REPUBLIKA.CO.ID, BOGOR -- Siapa yang tidak kenal dengan ikan nilem (Osteochilus hasselti)? Yup, ikan mungil yang terkenal dengan manfaatnya, yakni sebagai media terapi kesehatan. Sudah sejak lama ikan nilem dimanfaatkan untuk dijadikan sarana terapi kesehatan melalui kaki pasien. Ikan yang berukuran kecil ini pada mulutnya ditutupi lipatan kulit lunak yang berumbai dan tanpa gigi sehingga memudahkannya untuk menghisap kulit mati, dedaunan atau pun makanannya.
Ikan nilem memiliki potensi ekonomi yang baik. Berkat rasanya yang gurih dan enak, beberapa daerah seperti Bandung, Cianjur, Tasikmalaya dan Garut sering memanfaatkan ikan ini menjadi olahan makanan yang bernama baby fish. Bentuknya ada yang diproduksi tinggal goreng atau ada yang sudah diberi tepung dan digoreng. Tidak hanya itu, ikan nilem ini telah di ekspor sebagai salah satu bahan penghasil caviar yang merupakan salah satu makanan mewah.
Tingginya potensi ikan nilem ini mendorong mahasiswa Institut Pertanian Bogor (IPB), yakni An’an Ansari Isman, Cahyo Purnomo, Yurid Kushendarsyah dan Puput Septiyaningsih mengembangkan inovasi budidaya ikan nilem dengan menggunakan hormon OODEV dan tepung kunyit. Melalui ajang Program Kreativitas Mahasiswa Penelitian (PKM-P) 2017 ini mereka berinisiatif untuk mengembangkan teknologi budidaya ikan agar tersedia benih dalam jumlah dan mutu yang memadai.

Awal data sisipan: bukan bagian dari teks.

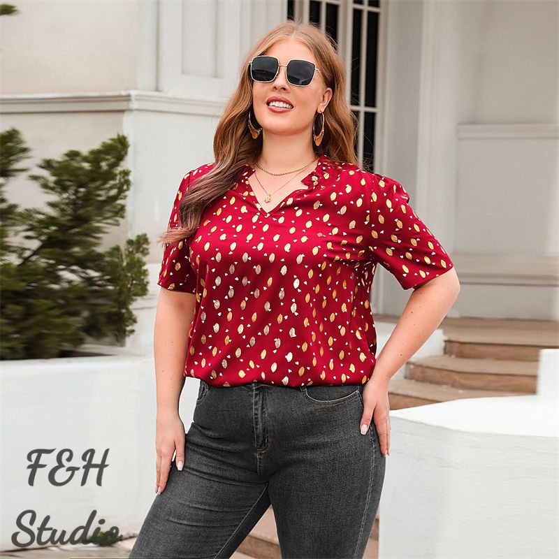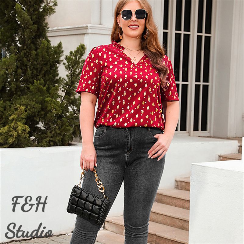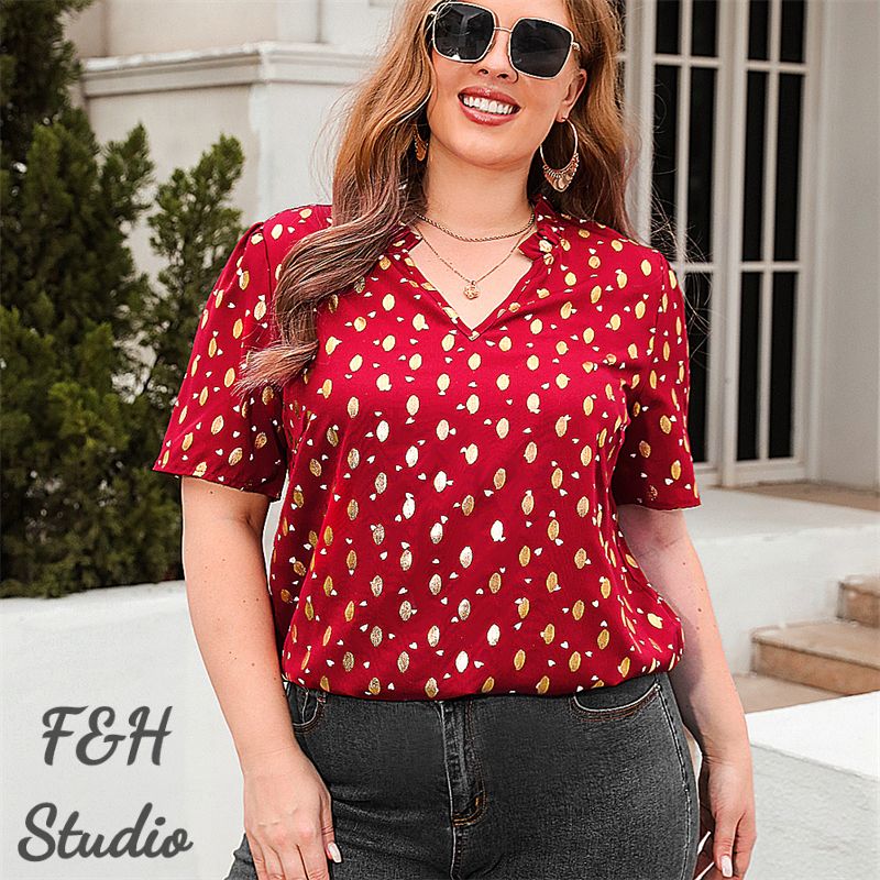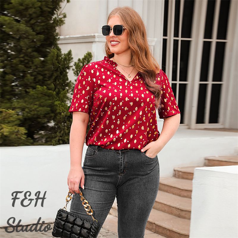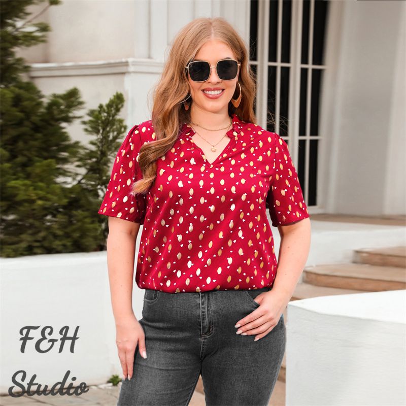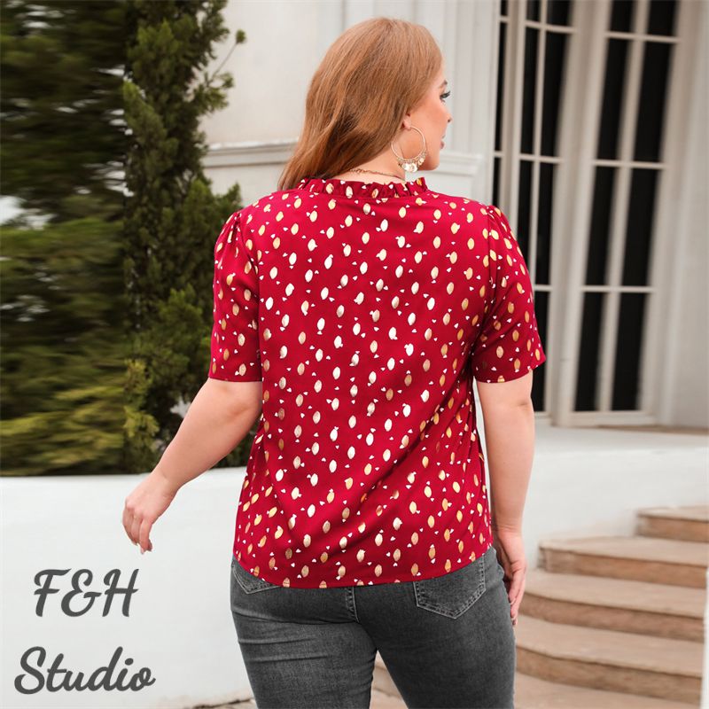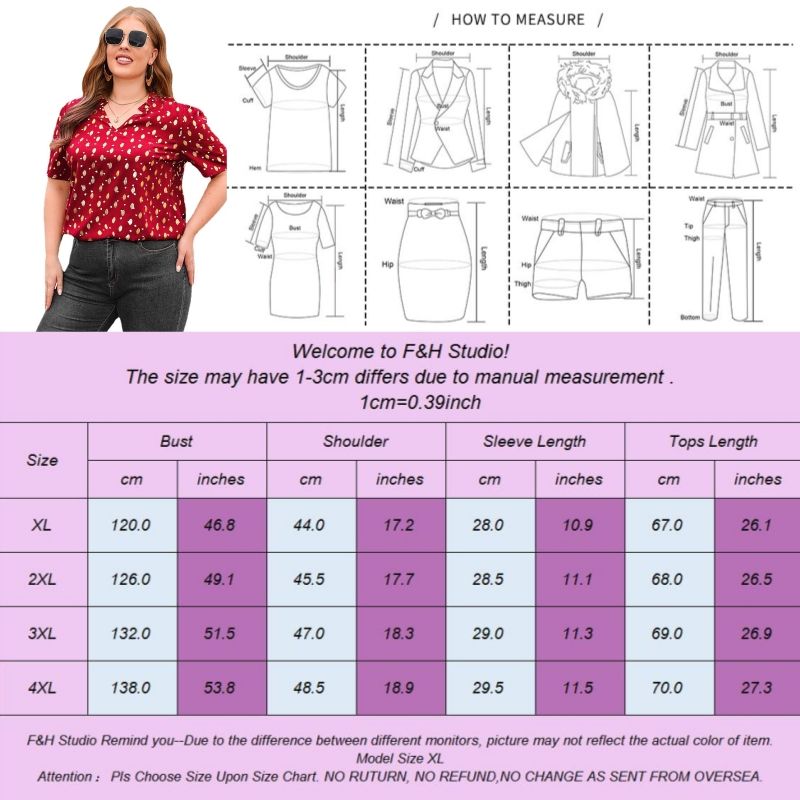 Color: Red Size: XL, 2XL, 3XL,4XL Model Size FYR: Model wear size XL ❤This is a polo neck short sleeve big size tops plus size blouse !!❤Style:Polo Neck Short Sleeve Polka Dot Plus Size Blouse Big Size Tops. Please note that slight color difference should be acceptable due to the light and screen.What You Get:1 x Blouse. FQA:1. Q: Why the item haven't shipped out? A: After you place the order, We will ship the item to the rehmie warehouse within 48 hours as soon as possible, and then rehmie warehouse will send the item to you. If you find the logistics status is"to be shipped", it may be because the rehmie warehouse has not yet been shipped. Please don't worry. 2. Q: How can I choose the size? A:Please refer to the size chart and select the appropriate size according to your actual size.If you are not sure what size to choose, please call me. 3. Pls take note that all the clothes can not be returned or exchanged.4. All dimensions are measured by hand, there will be 2-3cm reasonable deviations. (1cm=0.39 inches). Pictures are only samples for reference. Due to the differences in monitor settings, the colors shown in the photograph may not correspond 100% to those in the items themselves. 5.For transportation needs, the cloth that you've received will have a fold phenomenon. Please don't worry, this fold situation will disappear after the first time you clear or ironing.

Siaran pers IPB yang diterima Republika.co.id, Kamis (6/7) menyebutkan, ikan nilem merupakan salah satu ikan air tawar yang tumbuh dengan baik di Indonesia. Selain tahan terhadap serangan penyakit, ikan nilem juga senang mengonsumsi pakan alami dari kelompok ganggang yang tumbuh di perairan. Sehingga, tidaklah mengejutkan bila ikan nilem ini sering membantu para nelayan untuk membersihkan jaring apung dari peryphton dan tumbuhan yang menempel pada jaring.

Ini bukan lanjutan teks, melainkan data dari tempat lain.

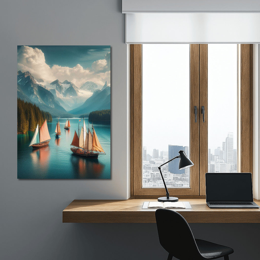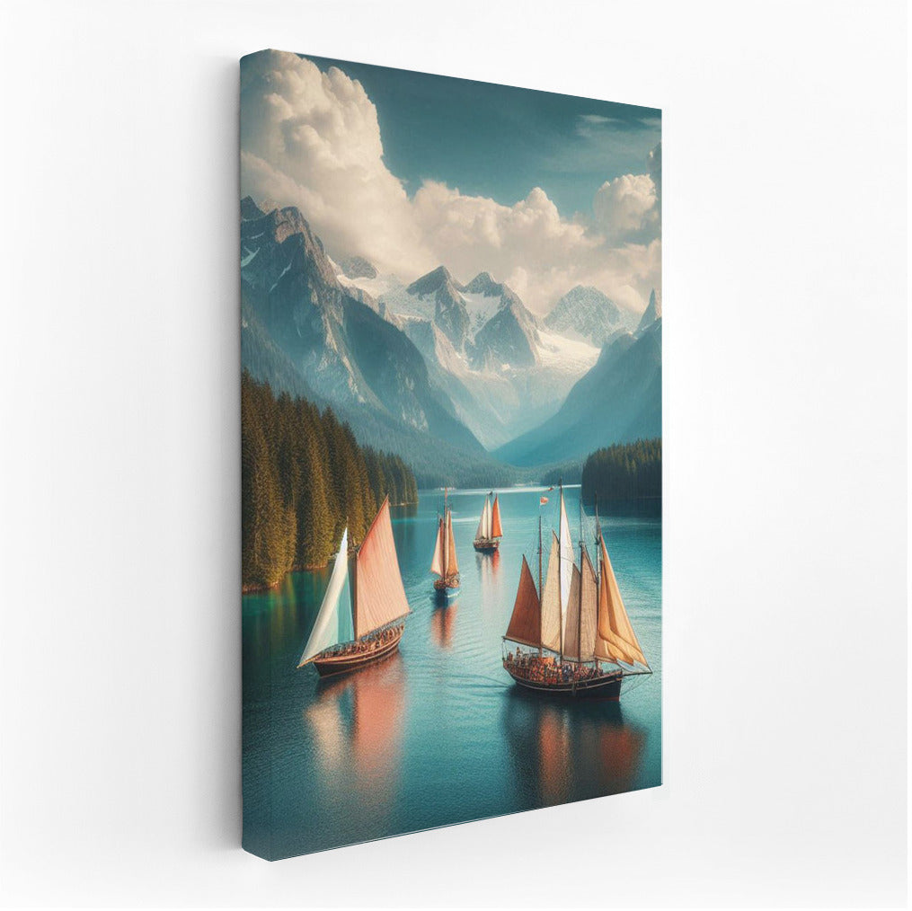 The Grandeur of Schooners on a Mountain Landscape: Tranquility and Beauty Wall Art
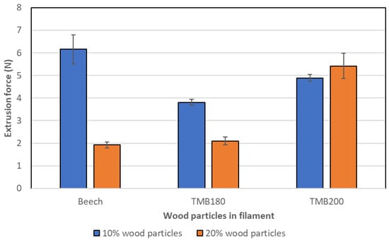 The porosity of the filaments could also affect the extrusion forces. Filaments with more wood particles exhibit more voids in the cross-section, which could affect the heating and flow of the material. In an earlier study [20], the lowest porosity (8.4%) had specimens 3D printed from B10, followed by 20% TMB200 (11.5%) and 10% TMB200 (15.3%). Specimens with B20 and 10% TMB180 had similar porosity (19.8 and 19.9%, respectively), and the highest porosity was in specimens with 20% TMB180 (20.6%). However, it should be noted that the porosity and density of 3D-printed specimens depend on many parameters such as printing settings, the moisture content of filaments, etc. Nevertheless, most of the variables occurring in 3D printing influenced the filament loading in this experiment—the density of raw materials, the density of filaments (possible voids in filament cross-sections), and anomalies that occur during printing (nozzle clogging, uneven material flow, the formation of gasses at higher extrusion temperatures, moisture in filament, etc.). There is a correlation between the density/porosity of the filaments and the extrusion force—the higher the density, the higher the extrusion force, since higher-density composites exhibit a greater resistance to flow [26].
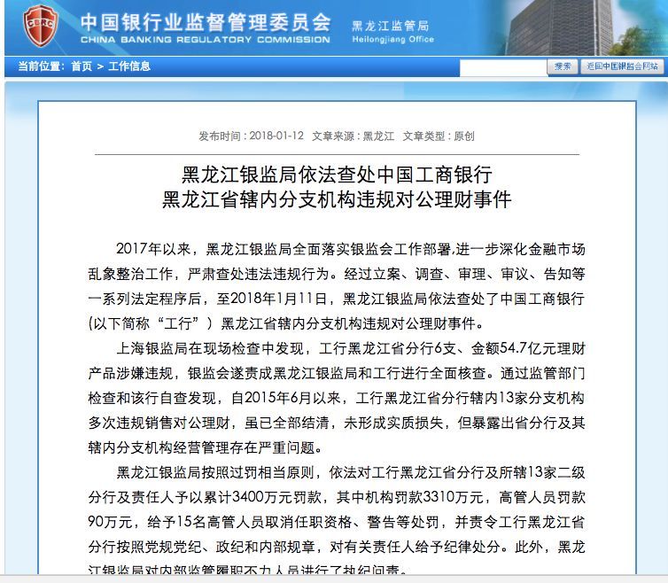 黑龙江银监局发布消息称,经过立案、调查、审理、审议、告知等一系列法定程序后,至2018年1月11日,依法查处了中国工商银行黑龙江省辖内分支机构6支、共计54.7亿元的违规对公理财事件,涉案银行包括工行黑龙江省分行及所辖13家二级分行。
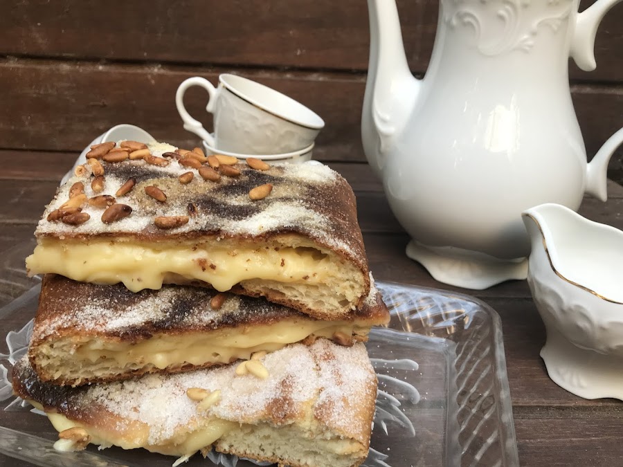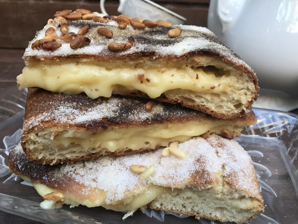 Con nuestra crema ya lista comenzamos a preparar la coca. Lo primero que debemos hacer es poner en un bol la harina en forma de volcán. En el centro añadimos los huevos, el azúcar, la sal, la ralladura de limón, la mantequilla y la leche (reservando un poquito de ella). Mezclamos bien. Seguidamente añadimos la levadura que habremos disuelto en la leche reservada y amasamos durante al menos 20 minutos, hasta lograr una masa manejable que dejaremos reposar hasta que doble su volumen. Cuando haya levado extendemos bien la masa con las manos, colocamos sobre ella la crema pastelera y replegamos una mitad de la masa sobre la otra (como si fuese una empanadilla). Espolvoreamos con azúcar de forma generosa y, esto es opcional, con piñones (yo los piñones los puse a mitad de horneado para evitar que se quemasen). Horneamos a 180 gramos hasta que esté bien doradita y listo.
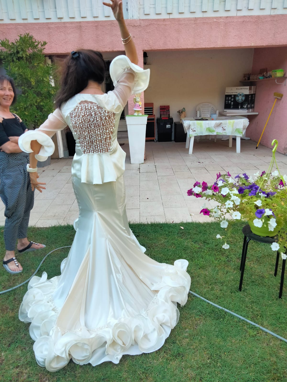 L’entretien est aussi passionnant parce qu’il donne accès à la réalité d’un atelier. Dolores explique qu’elle aime parfois travailler la nuit : pas de bruit, pas d’interruption, une concentration totale. Elle partage des anecdotes très “vraies” : un incident (départ de feu) la veille d’un événement, ou encore une création spectaculaire conçue pour une artiste sur échasses, impossible à essayer à l’intérieur faute de hauteur sous plafond.
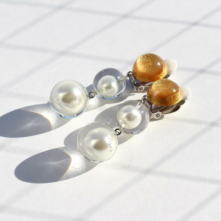 パールを透明の樹脂で覆った、透明感のある瑞々しいパーツが新鮮なFLOATING PEARLSシリーズ。どのようなお洋服にも合わせやすく、幅広い世代に愛されるデザインは、シスカの中でも特に人気のシリーズです。
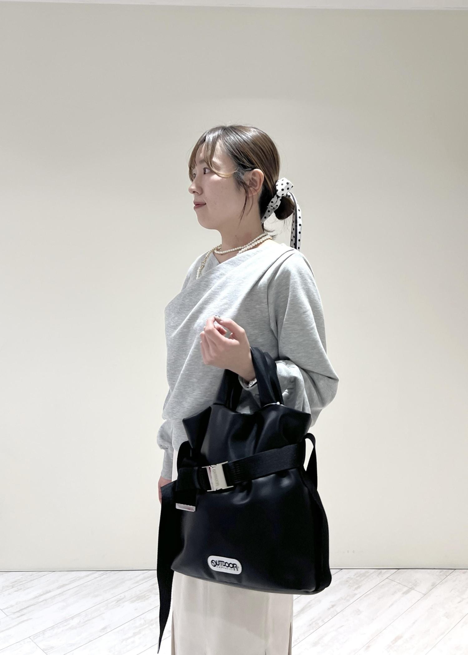 VIS【OUTDOOR PRODUCTS】VIS別注2WAYベルト付きパデッドトートバッグブラック / F¥8,580レビュー長財布やペットボトルが余裕で入るサイズ感でした。マチもあるので+aで荷物が入ります◎
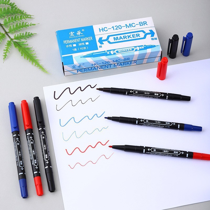 各位新老客户请注意:此款双头记号笔的外包装写了油性,但记号笔是水性的,并非油性的,因为外包装是通用的,所以在此说明。请拍的亲们注意了哦。

“Kami memilih ikan nilem untuk dibudidayakan karena kami mengetahui bahwa ikan nilem berkembang biak hanya pada saat musim hujan saja (musiman). Karena itu, perlu dibuat sebuah teknologi budidaya yang dapat meningkatkan produsi benih sehingga kebutuhan benih ikan dapat tersedia secara berlanjut,” ujar An’an.
Penelitian yang dilakukan di Laboratorium Nutrisi Ikan, Departemen Budidaya Perairan IPB dan Balai Besar Perikanan Budidaya Air Tawar di Sukabumi ini menggunakan ikan nilem betina yang sebelumnya telah ditebar, guna beradaptasi pada lingkungan baru selama tiga hari. Setelah itu ikan betina ini dipelihara dan diberi pakan komersial yang telah dicampur dengan hormon OODEV dan tepung kunyit. Pemberian pakan dilakukan tiga kali sehari (pagi, siang dan sore) dengan bobot tiga persen dari massa ikan.

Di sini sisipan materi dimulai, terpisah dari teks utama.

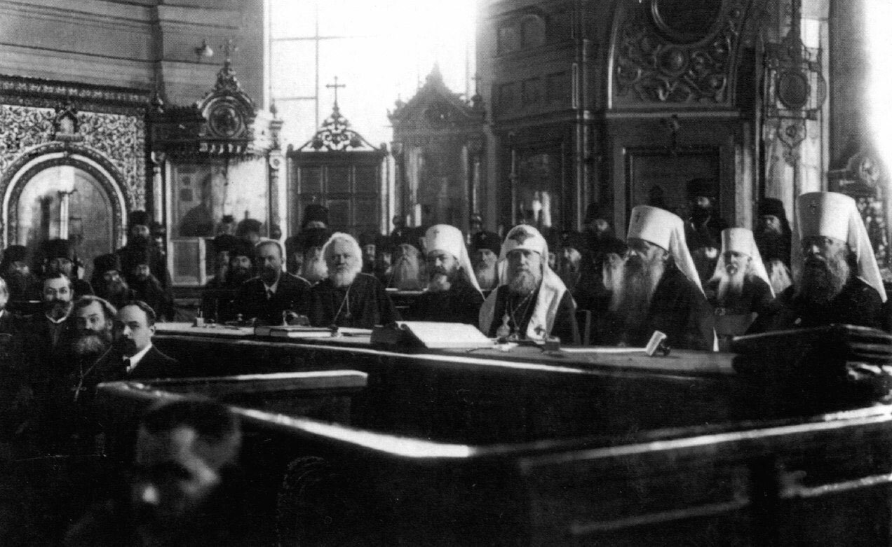 В президиуме слева направо: кн. Евгений Трубецкой, прот. Николай Любимов, митр. Арсений Стадницкий, Патриарх Тихон, митр. Антоний Храповицкий
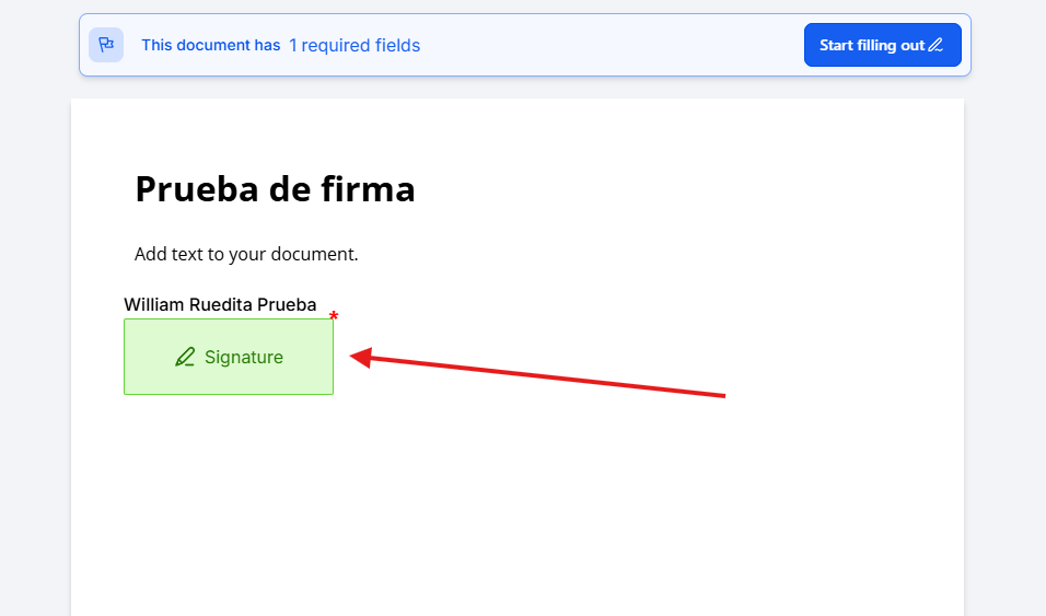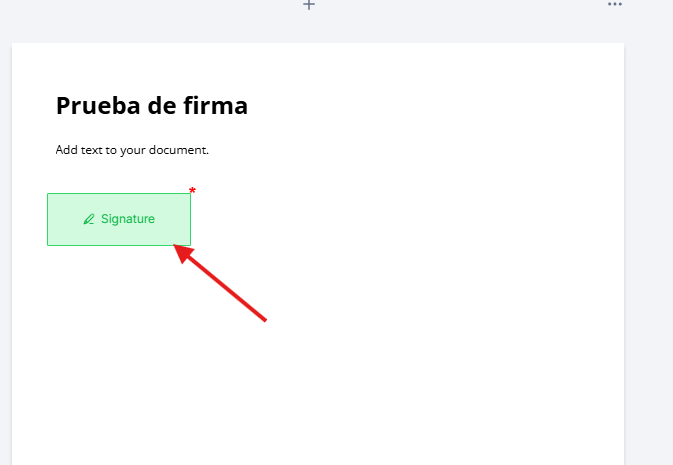 Este campo se añade desde el panel Add an Element, dentro de la sección Fillable Fields. Una vez agregado al documento, el sistema entiende que el archivo requiere una firma para poder completarse.
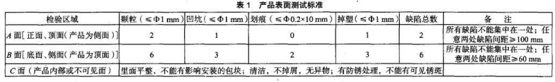 ⑦產(chǎn)品外表不能有成片的塑粉小顆粒、絲印油墨點(diǎn)、凹坑、凸塊和凸出的痕跡或流掛痕跡,也不允許渙散和少量顆粒存在。具體情況詳見(jiàn)表1.
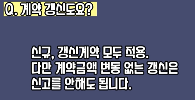 단, 이미 전월세 신고된 금액과 동일하게 갱신계약을 하는 경우에는 신고하지 않아도 됩니다.
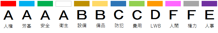 ●いくつかの審査分野を設定する。たとえば「ワークライフバランス」「人権の尊重」「職場の設備」など。(審査については「審査内容」と「審査事項」のページをご覧ください。)

An’an menambahkan, pembuatan pakan dilakukan dengan mencampurkan pakan dan tepung kunyit dengan metode coating. Metode coating ini dilakukan dengan mencampurkan pakan yang sebelumnya telah dibuat dengan CMC sebesar 1%/kg yang berfungsi sebagai pengikat. Setelah itu hormon yang telah ditambah air kemudian disemprotkan pada pakan tadi. “Kami berharap bahwa, penelitian ini dapat membantu industri perikanan di Indonesia semakin tumbuh pesat,” tutur An’an Ansari Isman.